La “situación de contexto” a la que hoy hacemos referencia tienen que ver, entre otras cosas, con la drástica transformación de la jornada educativa y laboral debido a la suspensión de las clases presenciales y a las restricciones propias de la cuarentena sanitaria vigente. El paso vertiginoso al “modo virtual” para el acompañamiento pedagógico, sumado a las situaciones generales de angustia y preocupación por la pandemia, están generando episodios de cierto estrés que aqueja tanto a las y los docentes y directivos, como a estudiantes y familias. 

En esta nueva situación, parece ser que producir contenidos virtuales requiere de más tiempo que el habitualmente dedicado para la preparación de las clases presenciales, y que precisa también de la disponibilidad de computadoras, cámaras, micrófonos y una adecuada conexión; también exige, por el otro lado, de estudiantes con dispositivos que tengan conectividad, algo que no sucede en todos los casos. A su vez, se desorganiza “el horario” debido a las distintas disponibilidades de tiempo que tienen los sujetos en las actuales condiciones: comunicaciones a toda hora, consultas de estudiantes y padres, urgencias, directivas y proliferación de mensajes por diferentes medios. La falta, en muchos casos, de espacios y tiempos propios para poder trabajar de manera concentrada en sus hogares. Ni hablar de problemas de salud por sobreexposición a las pantallas que ya venía padeciendo toda sociedad, antes de esto.

También hay que remarcar que hoy muchos directivos, junto a asistentes escolares y miles de docentes concurren a las escuelas para atender los comedores y/o planificar la distribución de bolsones alimentarios. Que el 62% de la docencia tiene dos cargos y que más de la mitad trabaja en 2, 3 o más escuelas, lo que implica interactuar con múltiples grupos de estudiantes, diversas comunidades educativas y autoridades. (Encuesta Salud, CTERA/2019).

Todo esto, en un contexto de arrastre en el que durante los últimos cuatro años se había reducido presupuesto en educación, entre ello, el INFOD con un 65% menos de recursos, con resultados como la eliminación de postítulos en entornos virtuales que hoy hubieran sido de gran utilidad. O el conocido desmantelamiento del Plan “Conectar Igualdad" y la gran cantidad de equipos no entregados o que hoy están si la debida actualización por el despido de los técnicos. 

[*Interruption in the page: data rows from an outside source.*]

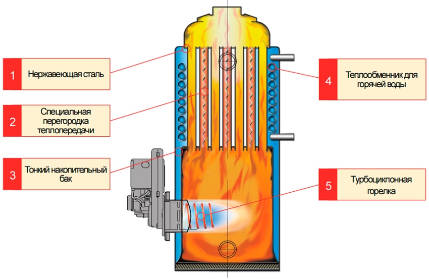 For hot water boilers using waste oil, a water tank with a volume of not more than 140 liters is used. It heats up for 2 hours, which is several times faster than the speed of a modern electric boiler. The oil water heater can operate in two modes: fast and wick. The first option is used to heat completely cold water. The wick mode allows the water in the container to be warmed up. However, this will require a large amount of fuel resources.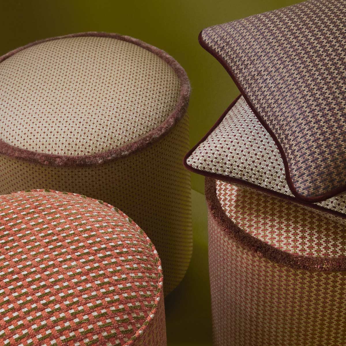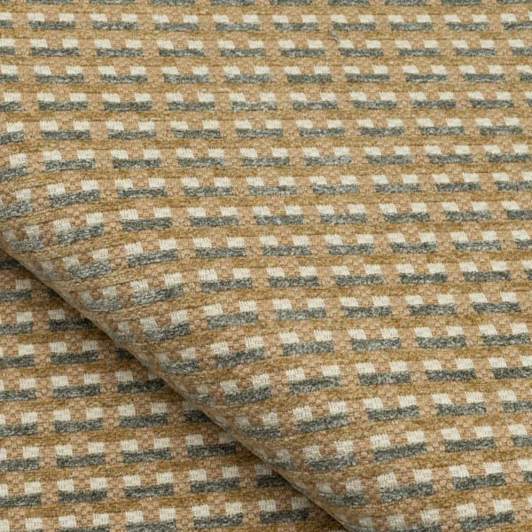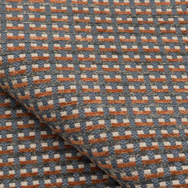 Il tessuto Tambo di Nobilis presenta un motivo geometrico regolare, composto da piccoli quadri in rilievo. Il disegno si compone dalla sovrapposizione ritmata di strisce dalle tonalità mélange, che creano un sottile gioco ottico. La texture, al contempo densa e vibrante, rivela la presenza di cotone e lino. L’insieme evoca una modernità ovattata, quasi tattile.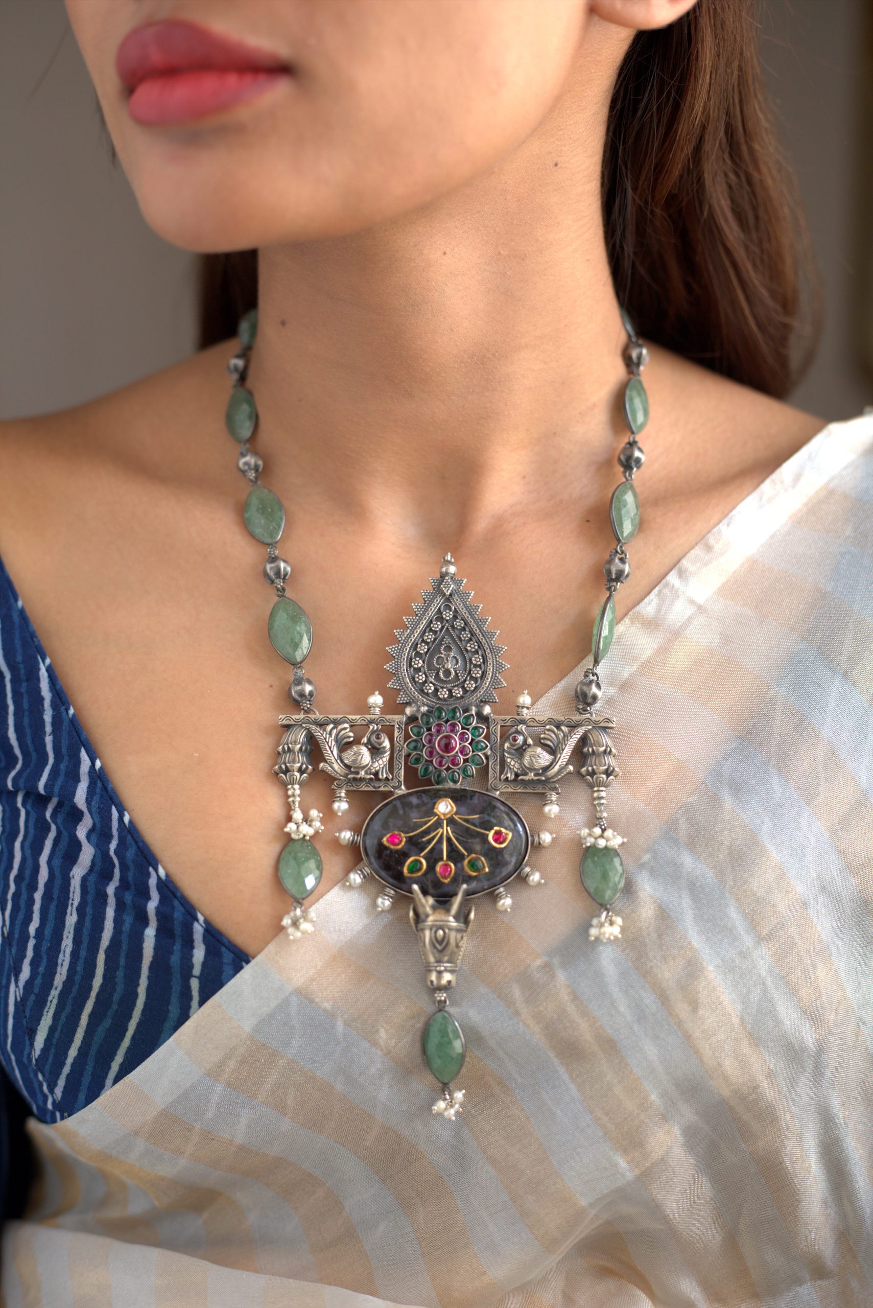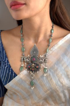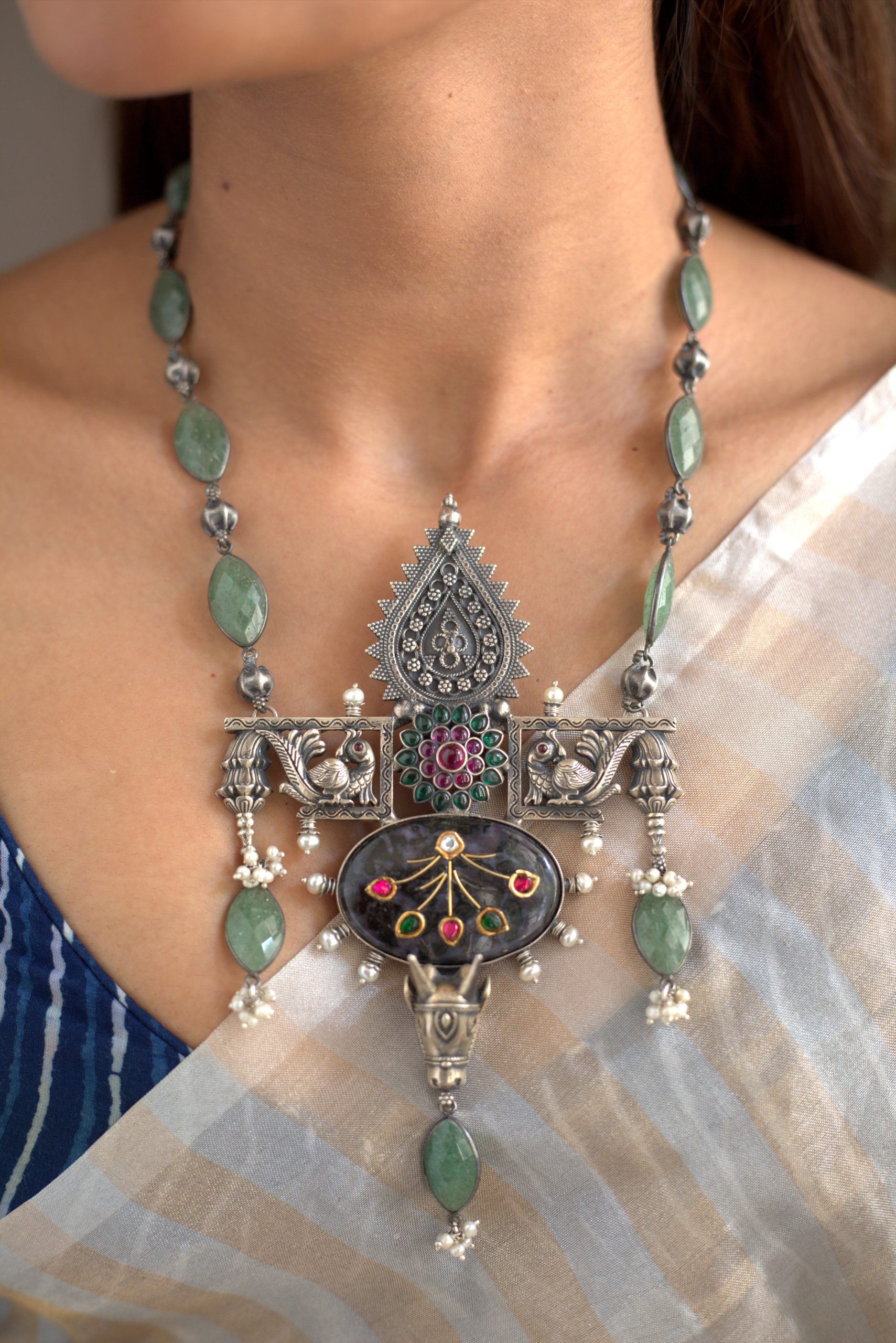 925 Silver – One of a kind statement stone necklace with kemp stone works and jadai works

Evidentemente, los medios tecnológicos resultan valorables, pero si se los entiende como lo que son; es decir, herramientas de acceso a la información y la producción de ciertos tipos de conocimientos, pero estos, de ninguna manera pueden reemplazar todo lo que acontece en las escuelas a la hora de enseñar y de aprender.

Se puede reconocer la importancia de la educación virtual, y más aún en circunstancias críticas como la presente. Se puede reconocer el trabajo docente y el papel de la escuela y del Estado en un proyecto educativo nacional. Y este amplio reconocimiento quizás implique repensar todo, para lo que está pasando y para el porvenir. 

Ahora bien, este reconocimiento no puede hacerse sin importar si con este proceso la balanza se termina inclinando hacia el lado de la educación pública como derecho social o no para el lado de la privatización y la mercantilización; o si esa balanza se inclina para el lado del mejoramiento de las condiciones laborales de los docentes y de las escuelas o para el lado de la precarización y la sobre-explotación laboral; o si la misma balanza se inclina para el lado de los que menos posibilidades tienen o no hace más que profundizar las desigualdades.

“La flecha está en el aire…”, hagamos todo para que caiga dónde tiene que caer.